Rotating Huawei chairman Hu Houkun mapped out the company's 5G future in Shenzhen. Photo: Courtesy of Huawei

Hu Houkun was all poise and polish as he promised a 5G “revolution.”

Speaking at an annual global conference in the high-tech China city of Shenzhen, the rotating chairman of controversial telecom giant Huawei was bang on message.

“This year, 5G will trigger the tipping point in virtual reality and augmented reality, because it can solve the technological bottlenecks that are blocking the industry’s development,” he told his audience.

So far, the group has signed 40 commercial 5G network contracts although Hu was short on details.

He also confirmed that Huawei expects to ship more than 100,000 base stations to run the next generation of super-fast networks.

Apart from the figures, the details were again sketchy.

“Huawei has been actively taking part in 5G rollouts and we won’t see big changes in terms of our geographic involvement at the global scale,” David Wang, a senior executive at the company, said on the sidelines of the conference.

The poster child of the “Made in China 2025” program has come under mounting pressure during the past six months amid concerns that its technology will act as a backdoor for cyber spying by Beijing.

Huawei has constantly denied those claims.
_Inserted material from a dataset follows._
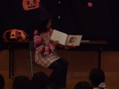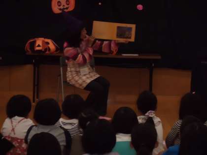 次に,よんでよんさんによる読み聞かせです。『おおきなかぼちゃ』エリカ・シルバーマン作 という本を読み聞かせしてくださいました。みんながよく知っている大きなかぶのお話に似たカボチャやおばけの出てくるお話でみんなお話の世界に引き込まれていました。

But that has not stopped the United States from banning the group from selling 5G equipment to American companies. Australia, Japan, and New Zealand have followed suit.

Still, Huawei has received the strongest signal yet that it can take part in Germany’s 5G rollout.

Jochen Homann, the president of the country’s telecom regulator, made that clear when he told the Financial Times that no equipment manufacturer “should be specifically excluded.”

He said there was no evidence that the controversial telecom group posed a security risk.

“If Huawei meets all the requirements, it can take part in the 5G network roll-out,” Homann told the FT, adding that “security-related components may only be used if they have undergone IT security checks by an approved testing body and have been certified by the Federal Office for Information Security, the BSI.”